MODULES, COMPONENTS AND LOGICCertain embodiments are described herein as including logic or a number of components, modules, or mechanisms. Modules may constitute either software modules (e.g., code embodied (1) on a non-transitory machine-readable medium or (2) in a transmission signal) or hardware-implemented modules. A hardware-implemented module is tangible unit capable of performing certain operations and may be configured or arranged in a certain manner. In example embodiments, one or more computer systems (e.g., a standalone, client or server computer system) or one or more processors may be configured by software (e.g., an application or application portion) as a hardware-implemented module that operates to perform certain operations as described herein.
In various embodiments, a hardware-implemented module may be implemented mechanically or electronically. For example, a hardware-implemented module may comprise dedicated circuitry or logic that is permanently configured (e.g., as a special-purpose processor, such as a field programmable gate array (FPGA) or an application-specific integrated circuit (ASIC)) to perform certain operations. A hardware-implemented module may also comprise programmable logic or circuitry (e.g., as encompassed within a general-purpose processor or other programmable processor) that is temporarily configured by software to perform certain operations. It will be appreciated that the decision to implement a hardware-implemented module mechanically, in dedicated and permanently configured circuitry, or in temporarily configured circuitry (e.g., configured by software) may be driven by cost and time considerations.
Accordingly, the term “hardware-implemented module” should be understood to encompass a tangible entity, be that an entity that is physically constructed, permanently configured (e.g., hardwired) or temporarily or transitorily configured (e.g., programmed) to operate in a certain manner and/or to perform certain operations described herein. Considering embodiments in which hardware-implemented modules are temporarily configured (e.g., programmed), each of the hardware-implemented modules need not be configured or instantiated at any one instance in time. For example, where the hardware-implemented modules comprise a general-purpose processor configured using software, the general-purpose processor may be configured as respective different hardware-implemented modules at different times. Software may accordingly configure a processor, for example, to constitute a particular hardware-implemented module at one instance of time and to constitute a different hardware-implemented module at a different instance of time.

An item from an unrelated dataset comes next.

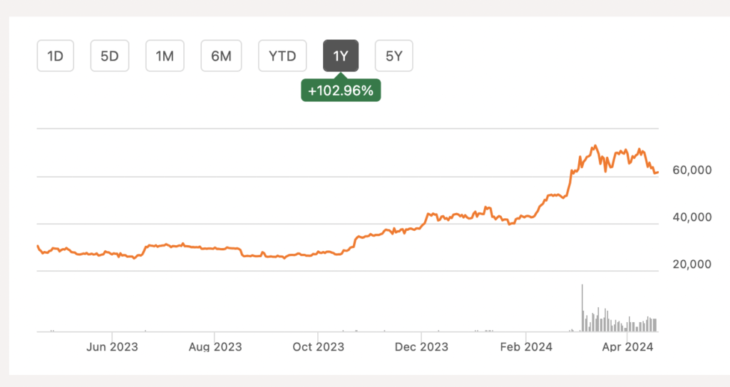 Son bir yıldaki rallinin nedeni 11 Ocak’ta Amerika’da onaylanan ETF’ler, yani Bitcoin’un spot fiyatına dayalı endeks fonlarıydı. Blackrock, Fidelity gibi dev yatırım şirketlerinin kurduğu bu fonlara o günden bu yana 12 milyar dolardan fazla para girdi. Bu para Bitcoin talebine dönüştü, talepteki artış da fiyatı yukarıya taşıdı.

Hardware-implemented modules can provide information to, and receive information from, other hardware-implemented modules. Accordingly, the described hardware-implemented modules may be regarded as being communicatively coupled. Where multiple of such hardware-implemented modules exist contemporaneously, communications may be achieved through signal transmission (e.g., over appropriate circuits and buses) that connect the hardware-implemented modules. In embodiments in which multiple hardware-implemented modules are configured or instantiated at different times, communications between such hardware-implemented modules may be achieved, for example, through the storage and retrieval of information in memory structures to which the multiple hardware-implemented modules have access. For example, one hardware-implemented module may perform an operation, and store the output of that operation in a memory device to which it is communicatively coupled. A further hardware-implemented module may then, at a later time, access the memory device to retrieve and process the stored output. Hardware-implemented modules may also initiate communications with input or output devices, and can operate on a resource (e.g., a collection of information).
The various operations of example methods described herein may be performed, at least partially, by one or more processors that are temporarily configured (e.g., by software) or permanently configured to perform the relevant operations. Whether temporarily or permanently configured, such processors may constitute processor-implemented modules that operate to perform one or more operations or functions. The modules referred to herein may, in some example embodiments, comprise processor-implemented modules.
Similarly, the methods described herein may be at least partially processor-implemented. For example, at least some of the operations of a method may be performed by one or processors or processor-implemented modules. The performance of certain of the operations may be distributed among the one or more processors, not only residing within a single machine, but deployed across a number of machines. In some example embodiments, the processor or processors may be located in a single location (e.g., within a home environment, an office environment or as a server farm), while in other embodiments the processors may be distributed across a number of locations.
The one or more processors may also operate to support performance of the relevant operations in a “cloud computing” environment or as a “software as a service” (SaaS). For example, at least some of the operations may be performed by a group of computers (as examples of machines including processors), these operations being accessible via a network (e.g., the Internet) and via one or more appropriate interfaces (e.g., Application Program Interfaces (APIs).)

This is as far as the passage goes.